Refactoring Part One
say $input.slurp
.split("\n\n", :skip-empty)
.map({ my $x = $_; $x ~~ s:g:s/\s+//; $x.comb.Set.elems })
.sum;
Here within the map block I'm bumping up against an immutable string, forcing it into a scalar, removing whitespace, getting all combinations, using a set to ignore duplicates, and finally getting a sum of the elements. When instead, I could have written:
say $input.slurp
.split("\n\n", :skip-empty)
.map({ .comb(/\S/).Set.elems })
.sum;
.comb with a regex matcher parameter returns a Seq of non-overlapping matches. So instead of removing the whitespace, I can simply ignore it, and move directly to getting the sequence of all non-whitespace characters.
If I had cared about preserving order, I could have used .unique instead of creating a set. unique is probably faster.
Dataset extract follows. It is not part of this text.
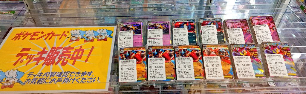 シーガル郡山店です! ポケモンカード ショーケースにて 構築済みデッキを 販売しております😊 画像は現在販売中のデッキです! デッキリストは #シーガル郡山店デッキ販売 や店頭にて確認いただけます! お店のイベントやお友達とポケカ対戦してみませんか? ご来店お待ちしております\( ᐛ )/
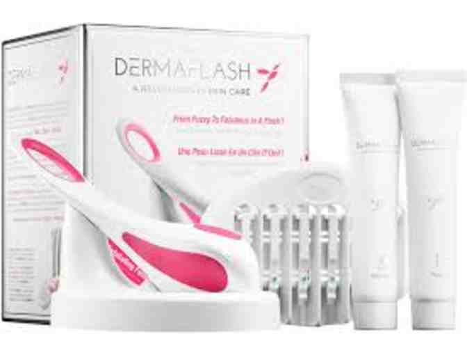 Men Shave; Women Flash! Use Dermaflash Exfoliating Facial Treatment to instantly and painlessly creates a flawless canvas for skincare and makeup by removing the oldest layer of dead skin cells, built-up debris and peach fuzz with a subtle sonic vibration and proprietary Edge. This set includes Dermanflash, charging base and cord, Prep face wash and Smooth hydrating lotion and six (6) Edges.

But because I'm using set logic in Part Two, I chose to stay in the set logic headspace instead of using .unique.
Refactoring Part Two
my $sum=0;
for $input.slurp.split("\n\n", :skip-empty) -> $group {
my $set;
for $group.lines -> $person {
if (! defined($set)) { $set = $person.comb.Set };
$set = $set ∩ $person.comb.Set;
}
$sum += $set.elems;
}
say $sum;
Here what I really wanted to do, was to get the set intersection of questions answered "yes". But I didn't know how to coerce the right feed of results into a intersection of answers for each person. Thank you mienaikage for showing how to use reduce to accomplish this. With reduce, Part Two can be refactored to:
say $input.slurp
.split("\n\n", :skip-empty)
.map({ .lines.map({ .comb(/\S/).Set }).reduce(&infix:<∩>).elems })
.sum
Removing code duplication
Now that Parts One and Two have been cleaned up, lets look at the updated code:
#!/usr/bin/env raku
use v6.d;
sub MAIN (
IO() :$input where *.f = $?FILE.IO.sibling('input'),
Int :$part where * == 1|2 = 1, # Solve Part One or Part Two?
--> Nil
) {
given $part {
when 1 {
say $input.slurp
.split("\n\n", :skip-empty)
.map({ .comb(/\S/).Set.elems })
.sum;
}
when 2 {
say $input.slurp
.split("\n\n", :skip-empty)
.map({ .lines.map({ .comb(/\S/).Set }).reduce(&infix:<∩>).elems })
.sum
}
}
}
We can now see that Parts One and Two are identical except for what goes on in the first {...} map code block.
$input.slurp
.split("\n\n", :skip-empty)
.map({ {...}.elems })
.sum
Only what goes on in {...} is different. So let's take a step back and refactor things so that we aren't writing redundant code. All the duplicated code can be extracted into a routine which takes a code block parameter:
sub result ( &code --> Int ) {
$input.slurp.split("\n\n", :skip-empty).map(&code).sum;
}
This allows us to arrive at:
#!/usr/bin/env raku
use v6.d;
sub MAIN (
IO() :$input where *.f = $?FILE.IO.sibling('input'),
Int :$part where * == 1|2 = 1, # Solve Part One or Part Two?
--> Nil
) {
sub result ( &code --> Int ) {
$input.slurp.split("\n\n", :skip-empty).map(&code).sum;
}
given $part {
when 1 {
say result { .comb(/\S/).Set.elems };
}
when 2 {
say result { .lines.map({ .comb(/\S/).Set }).reduce(&infix:<∩>).elems };
}
}
}
Final Version
Finally because we only have a single sub MAIN () {...} and the entire body of the program resides within MAIN's code block... we can use the unit declarator. This allows us the remove the braces for MAIN's code block. Saving a little horizontal screen real estate:
#!/usr/bin/env raku
use v6.d;
unit sub MAIN (
IO() :$input where *.f = $?FILE.IO.sibling('input'),
Int :$part where * == 1|2 = 1, # Solve Part One or Part Two?
--> Nil
);
sub result ( &code --> Int ) {
$input.slurp.split("\n\n", :skip-empty).map(&code).sum;
}
given $part {
when 1 {
say result { .comb(/\S/).Set.elems };
}
when 2 {
say result { .lines.map({ .comb(/\S/).Set }).reduce(&infix:<∩>).elems };
}
}
Final Final Version (The Short Form Answer)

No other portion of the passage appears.